Latin America: Chinese entities should open channels for dialogue, civil society organizations urge

“Dear China, it's time to talk”, 20 July 2020

At the end of April, 263 civil society groups from around the world sent a letter to the heads of various Chinese institutions about financial aid to help coronavirus-affected projects connected to the Belt and Road Initiative… They asked for support not to be given to projects that had posed social, environmental, climatic or financial risks before the pandemic struck…

On 20 May, 73 Latin American organisations sent another letter to MOFCOM and the State-owned Assets Supervision and Administration Commission of the State Council (SASAC), which supervises China’s state-owned companies. They said certain companies had failed to comply with sanitary measures to avoid and handle cases of Covid-19, and had committed blatant violations of workers’ rights in Peru, Argentina and Ecuador…

They have not received a response from any of the 19 Chinese government entities, including MOCFOM and the SASAC, nor from the various Chinese embassies in the region to whom, after monumental work, the two letters were successfully sent. Detective work is often required to find contact information for authorities and public officials of different Chinese ministries, agencies and embassies…

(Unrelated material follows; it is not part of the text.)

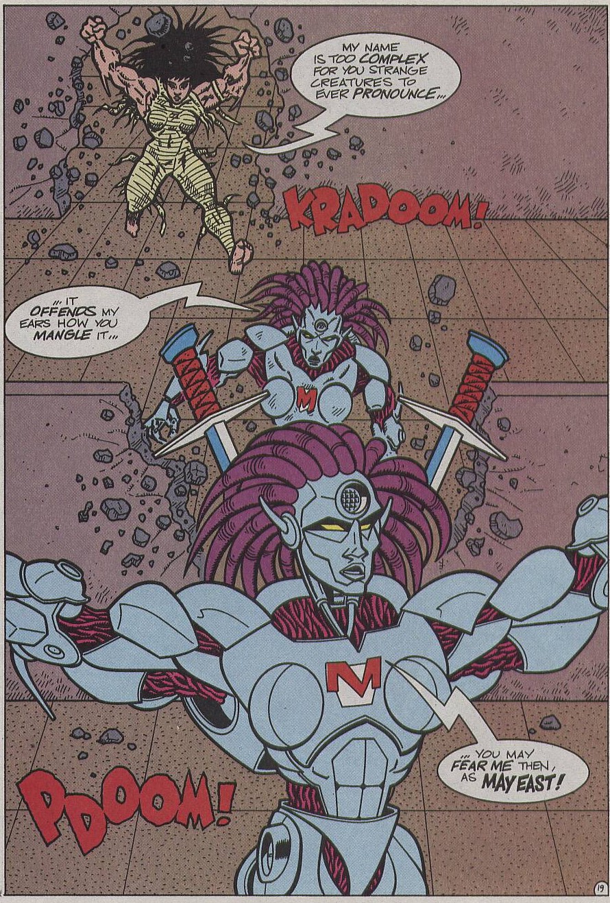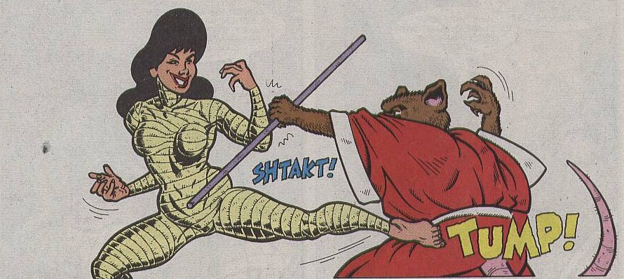 Bientôt, la journaliste devenait un robot géant à son tour et partait au combat, dotée d’une épée. Prenant le dessus sur son adversaire, elle s’apprêtait à lui planter sa lame dans le ventre, lorsque soudain, les deux adversaires retrouvaient leur apparence et leur taille normale. Le combat était terminé. Splinter et les tortues cherchaient leur amie dans les bois. Des traces de pas menaient au temple où May East s’était réfugiée. Les tortues ne parvenaient pas à forcer la porte, protégée. Il valait mieux s’en aller que s’éterniser ici.
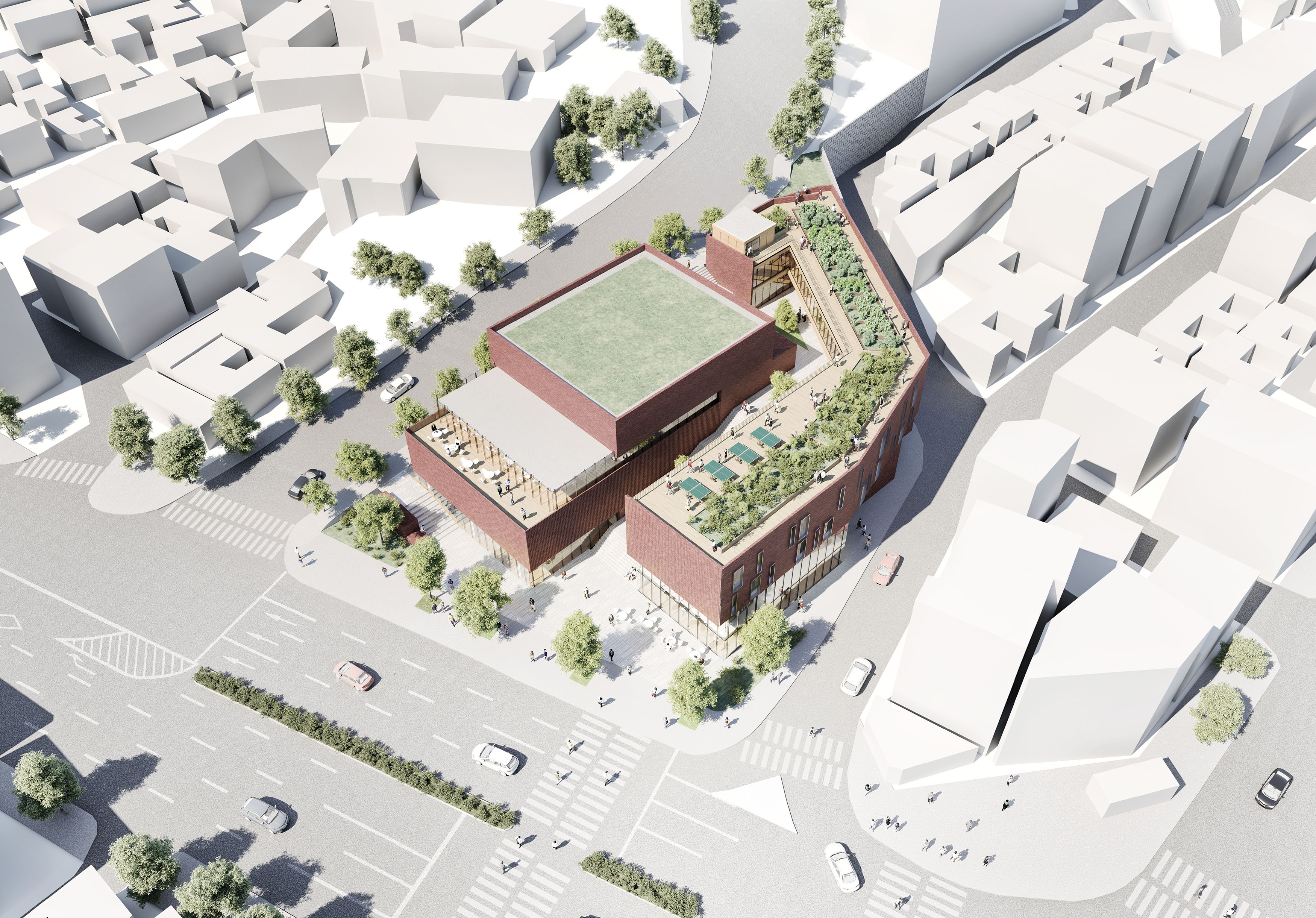 Le jardin du toit au 3e étage est conçu comme un jardin urbain et un parc sportif, accessible non seulement aux professionnels du théâtre mais également aux habitants et aux citoyens.

We face similar challenges when we seek information from the China Development Bank, the China Export and Import Bank (Eximbank), the Industrial and Commercial Bank of China (ICBC) and the Bank of China, which finance loans and investments in Latin America. Even the China Development Bank, the largest Chinese lender to Latin America, does not publish its loan portfolio by region, country and sector, nor does it publicise its environmental assessment methods and requirements in its operations, or offer contact points for civil society groups to communicate with at the country level or in China…

Our organisations believe in the State Council when it states that “solidarity and cooperation are the most powerful weapons available to the international community in the war against the pandemic.” For this reason, we hope that the Chinese Foreign Ministry, today more than ever, recognises the benefits of dialogue with Latin American civil society organisations. The first step is to help the ministries, banks, embassies and other institutions we have mentioned by providing updated contact information and open channels of participation to discuss these issues…

[Also referred to Minera Chinalco Peru; Shougang Hierro Peru; MMG Las Bambas S.A.; China Andes Petroleum; Ecuacorrientes S.A. (a consortium of China Railway Construction Company and Tongling Nonferrous Metals Group Holding Company); China Gezhouba Corporate Group, Hidrocuyo S.A. and Electroingeniera S.A.]